Boosting Performance and Concurrency: MySQL v8.0 offered a compelling proposition with its promise of substantial performance enhancements. Optimizations in indexing and resource utilization translated to faster query execution speeds and improved concurrency handling. This directly translates to a smoother user experience for our customers.

Unlocking New Functionality: Beyond performance improvements, v8.0 introduced valuable features like support for window functions, enhanced JSON handling, and better spatial data capabilities. These features opened new avenues for data manipulation and analysis, empowering us to unlock new functionalities within our platform.

Password Rotation: The introduction of “Dual passwords” in v8.0 allows for smoother password rotations during security incidents, minimizing service disruptions.

Streamlining Operational Efficiency: Managing schema changes is an ongoing task. The [Instant ADD Column feature](https://dev.mysql.com/blog-archive/mysql-8-0-instant-add-and-drop-columns/#:~:text=This%20feature%20enables%20users%20to,28%20(before%20MySQL%208.0.) in v8.0 significantly streamlined this process. This translates to reduced downtime during schema alterations, improving our overall operational efficiency.

Before delving into the details of our MySQL upgrade journey, it’s essential to grasp the scale and complexity of Uber’s MySQL infrastructure:

Scale: Uber’s MySQL infrastructure comprises over 2,100 clusters, distributed across 19 production zones spanning three regions. With over 16,000 nodes, our infrastructure forms the backbone of Uber’s data storage and processing capabilities.

Data Volume and Query Load: Supporting multiple Petabytes of data and serving approximately 3 million queries per second, our MySQL infrastructure handles a vast amount of data and traffic on a daily basis.

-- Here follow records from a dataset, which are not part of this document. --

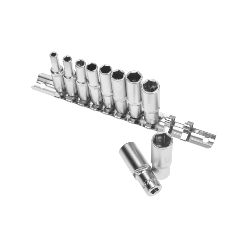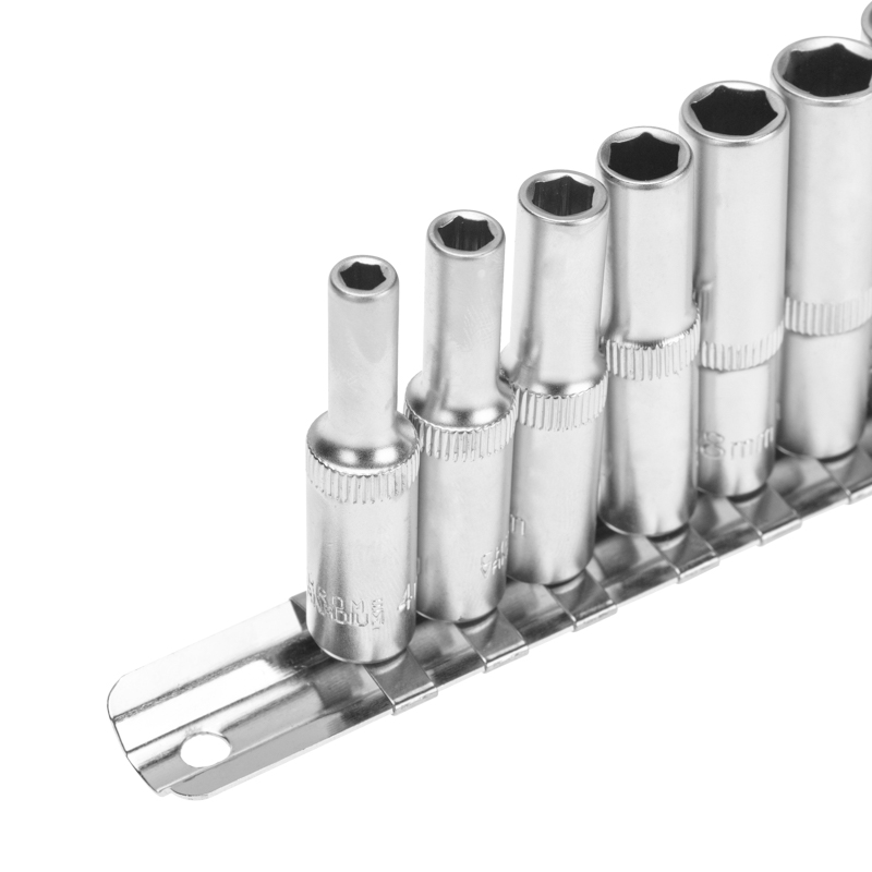Набор головок REXANT используется для монтажа и демонтажа резьбовых соединений. Инструменты изготовлены из хромованадиевой износостойкой и долговечной стали с хромоникелевым покрытием. Твердость материала рабочей части головок – 42 HRС. В набор входят 6-гранные удлиненные торцевые головки на планке под квадрат 1/4" следующих размеров: 4, 5, 6, 7, 8, 9, 10, 11, 12 и 13 мм. Ярко-красная полоска предназначена для удобного поиска. Технические характеристики: Головка торцевая удлиненная, 4 мм: 1 шт. Головка торцевая удлиненная, 5 мм: 1 шт. Головка торцевая удлиненная, 6 мм: 1 шт. Головка торцевая удлиненная, 7 мм: 1 шт. Головка торцевая удлиненная, 8 мм: 1 шт. Головка торцевая удлиненная, 9 мм: 1 шт. Головка торцевая удлиненная, 10 мм: 1 шт. Головка торцевая удлиненная, 11 мм: 1 шт. Головка торцевая удлиненная, 12 мм: 1 шт. Головка торцевая удлиненная, 13 мм: 1 шт. Металлическая плашка-держатель: 1 шт. Количество предметов: 10 Количество граней: 6 Размер присоединительного квадрата: 1/4 дюйм Минимальный размер головки: 4 мм Максимальный размер головки: 19 мм Марка стали: CrV Назначение: для автомобиля Особенности: удлиненная, на держателе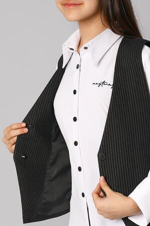 Классический, однобортный жилет для девочки Соль&Перец. Жилет с подкладом, выполнен из износостойкой трикотажной ткани которая долго сохраняет форму и привлекательный внешний вид. Жилет прекрасно сочетается с юбками и брюками. Подойдет для посещения школы, официального или праздничного мероприятия.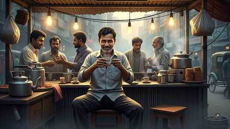 Happy Indian man drinking coffee in a coffee shop. 3D rendering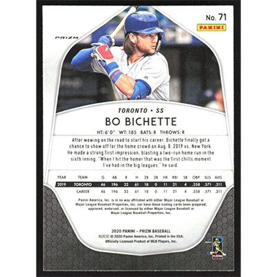 This is a 2020 Panini Prizm Red White and Blue Bo Bichette baseball card. The card is #71 and pictures show condition. Team(s): Toronto Blue Jays Rookie Card (RC)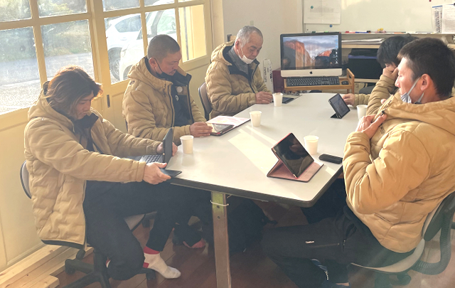 社員1人ひとりに専用タブレットを支給。進行管理や連絡も柔軟に取れるような仕組みを作っています。

Clustered Architecture: Each MySQL cluster consolidates multiple MySQL processes running on individual nodes. While each node within a cluster contains identical data, they are strategically distributed across different data centers to ensure data availability and support failover mechanisms.

Primary-Secondary Replication: Within each cluster, a primary node manages all write traffic, while secondary nodes replicate data asynchronously. This architecture ensures redundancy and fault tolerance, allowing for seamless failover in the event of primary node failure.

Upgrade Considerations: Notably, while MySQL v5.7 primary to MySQL v8.0 read replica replication is compatible, the reverse scenario—MySQL v8.0 primary to MySQL v5.7 read replica replication—is not supported. This distinction played a crucial role in our upgrade planning and execution strategy.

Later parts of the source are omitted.